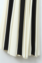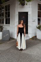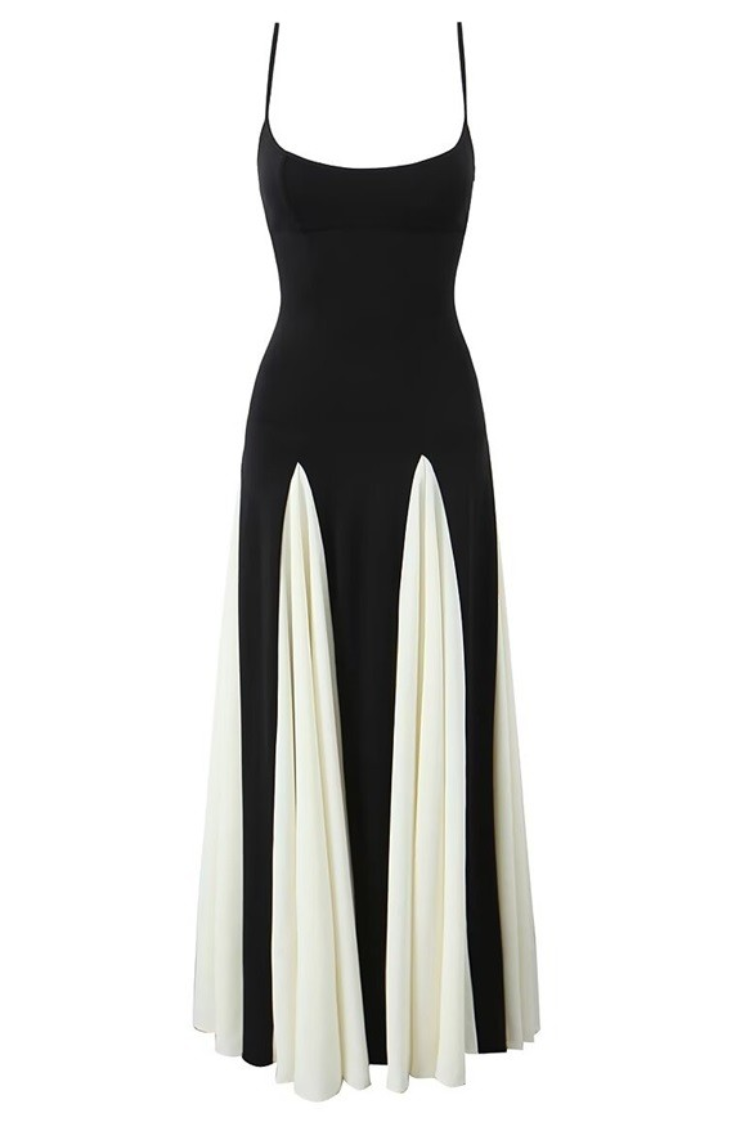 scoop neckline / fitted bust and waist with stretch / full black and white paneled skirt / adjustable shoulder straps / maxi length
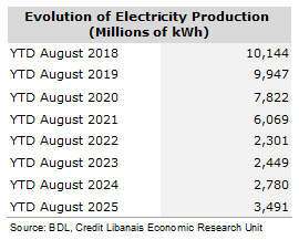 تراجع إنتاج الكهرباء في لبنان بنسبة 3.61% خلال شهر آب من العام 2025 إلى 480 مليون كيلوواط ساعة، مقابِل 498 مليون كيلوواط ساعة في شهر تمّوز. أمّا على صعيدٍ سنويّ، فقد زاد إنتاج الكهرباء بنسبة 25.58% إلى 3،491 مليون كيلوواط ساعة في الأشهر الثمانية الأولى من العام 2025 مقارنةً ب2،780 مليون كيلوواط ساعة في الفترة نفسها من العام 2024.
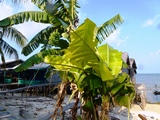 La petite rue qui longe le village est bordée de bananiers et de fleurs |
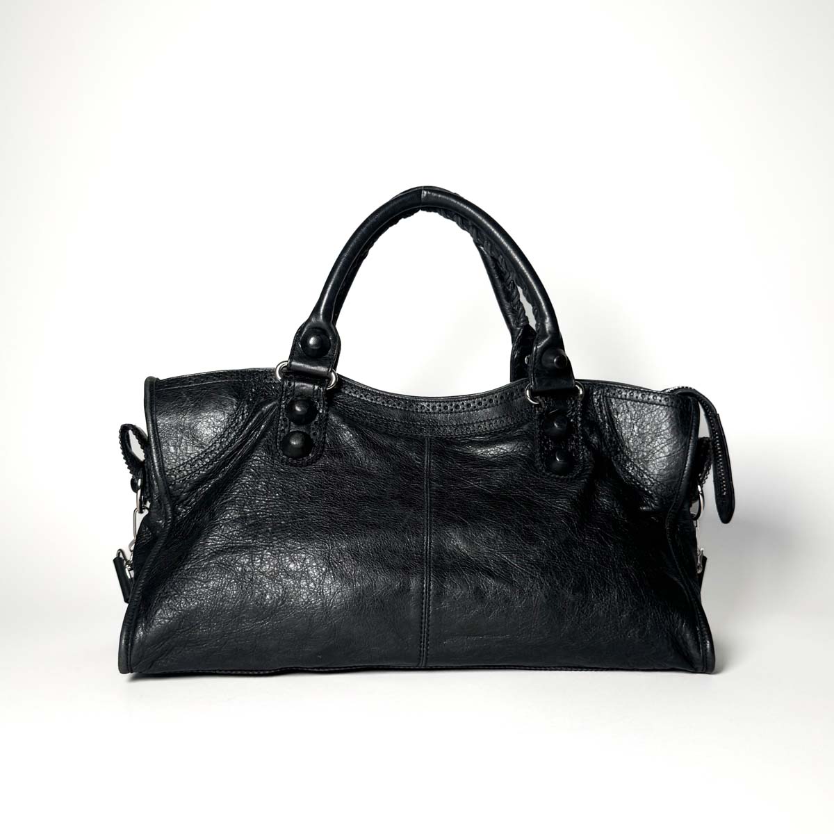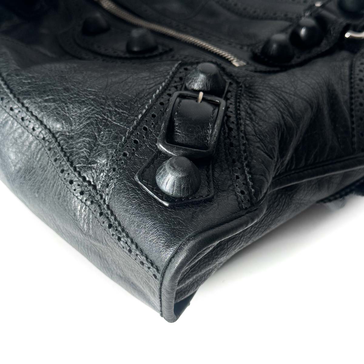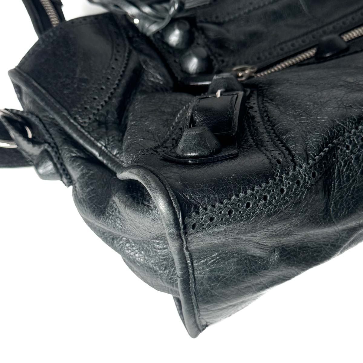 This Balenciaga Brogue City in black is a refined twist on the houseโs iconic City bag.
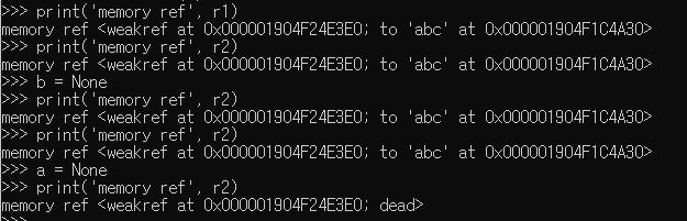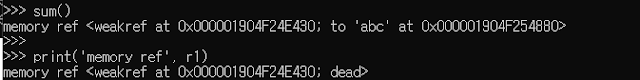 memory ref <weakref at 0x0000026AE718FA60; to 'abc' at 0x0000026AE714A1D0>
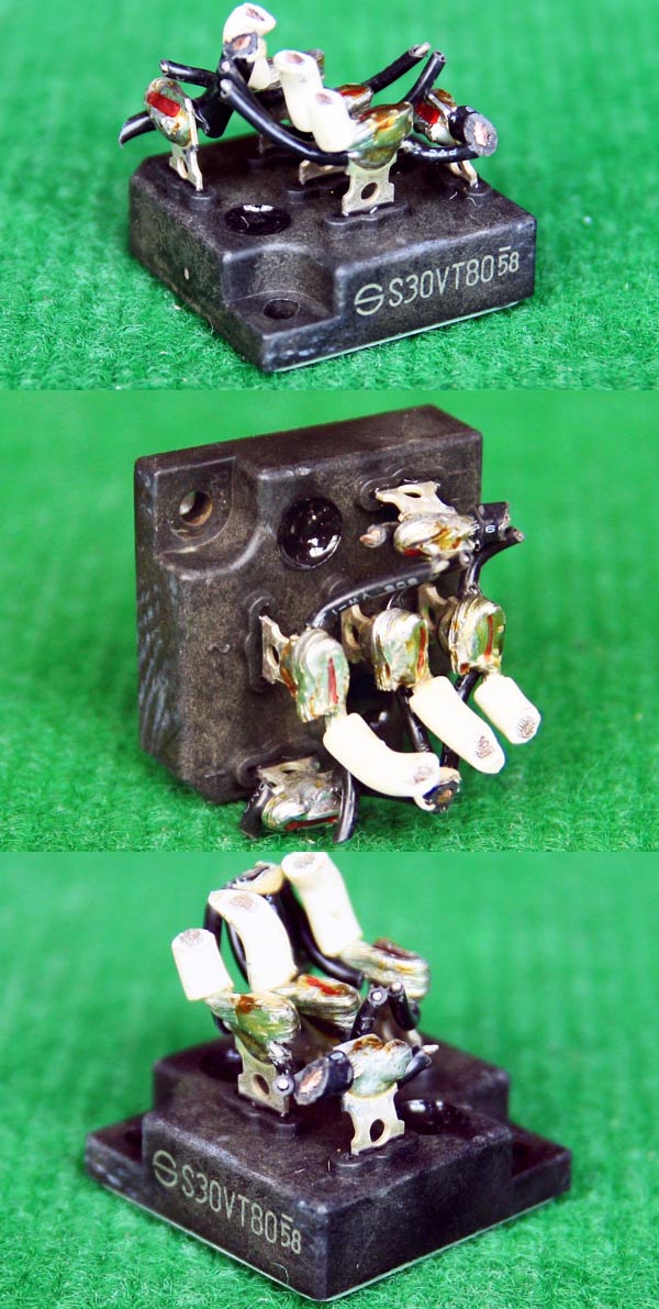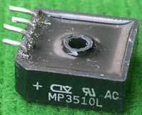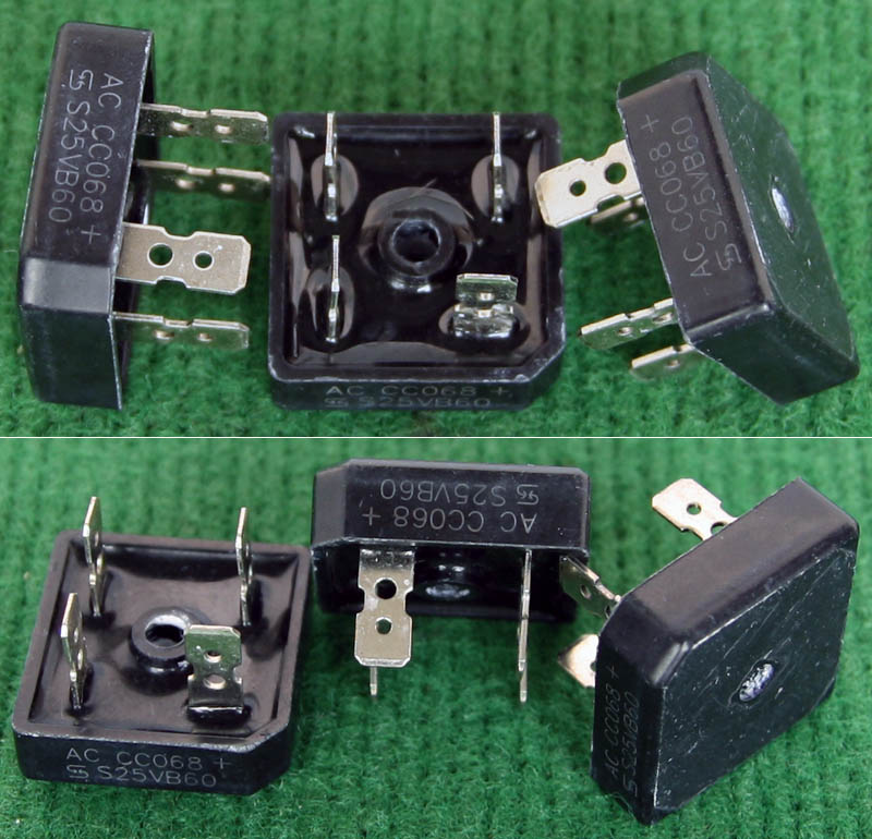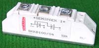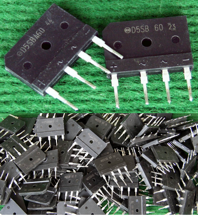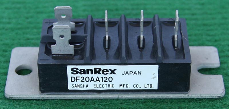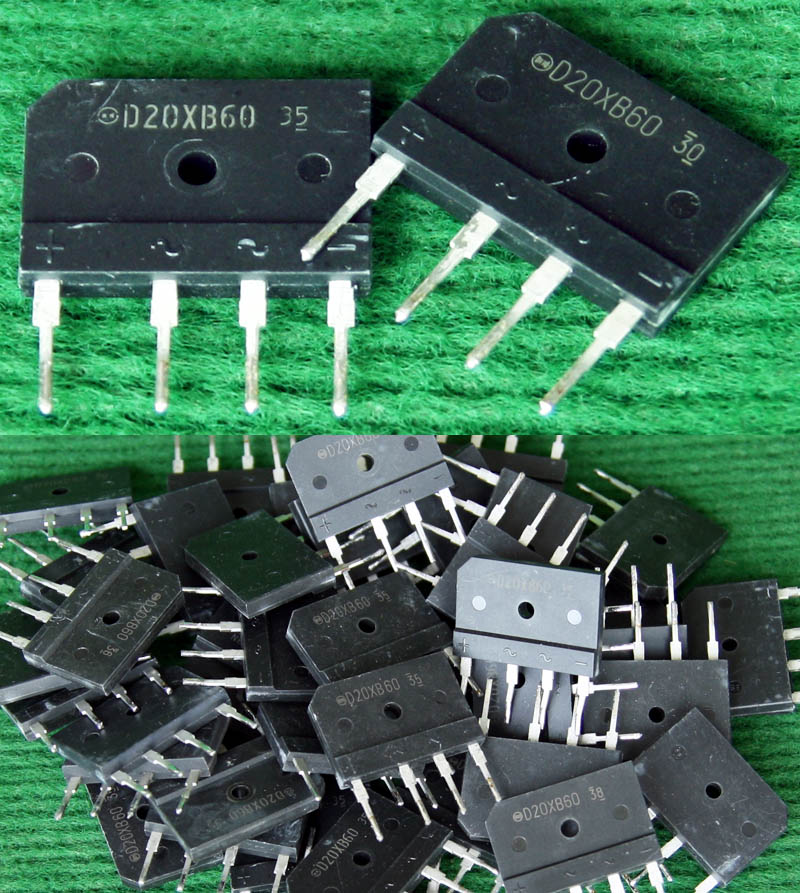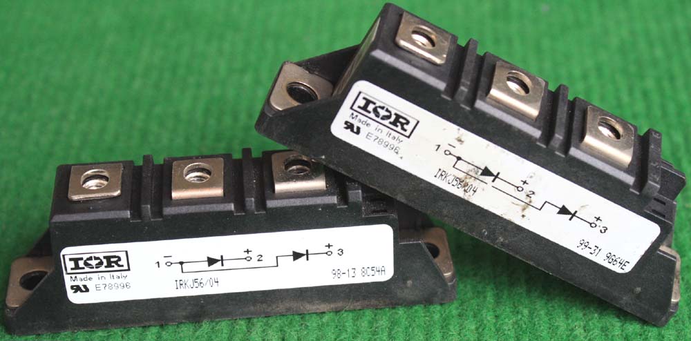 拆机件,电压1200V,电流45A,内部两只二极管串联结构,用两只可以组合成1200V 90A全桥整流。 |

What the task asks » Copy every record exactly, leaving the pictures out.

Response to the exercise »
 scoop neckline / fitted bust and waist with stretch / full black and white paneled skirt / adjustable shoulder straps / maxi length
 تراجع إنتاج الكهرباء في لبنان بنسبة 3.61% خلال شهر آب من العام 2025 إلى 480 مليون كيلوواط ساعة، مقابِل 498 مليون كيلوواط ساعة في شهر تمّوز. أمّا على صعيدٍ سنويّ، فقد زاد إنتاج الكهرباء بنسبة 25.58% إلى 3،491 مليون كيلوواط ساعة في الأشهر الثمانية الأولى من العام 2025 مقارنةً ب2،780 مليون كيلوواط ساعة في الفترة نفسها من العام 2024.
 La petite rue qui longe le village est bordée de bananiers et de fleurs |
 This Balenciaga Brogue City in black is a refined twist on the houseโs iconic City bag.
 memory ref <weakref at 0x0000026AE718FA60; to 'abc' at 0x0000026AE714A1D0>
 拆机件,电压1200V,电流45A,内部两只二极管串联结构,用两只可以组合成1200V 90A全桥整流。 |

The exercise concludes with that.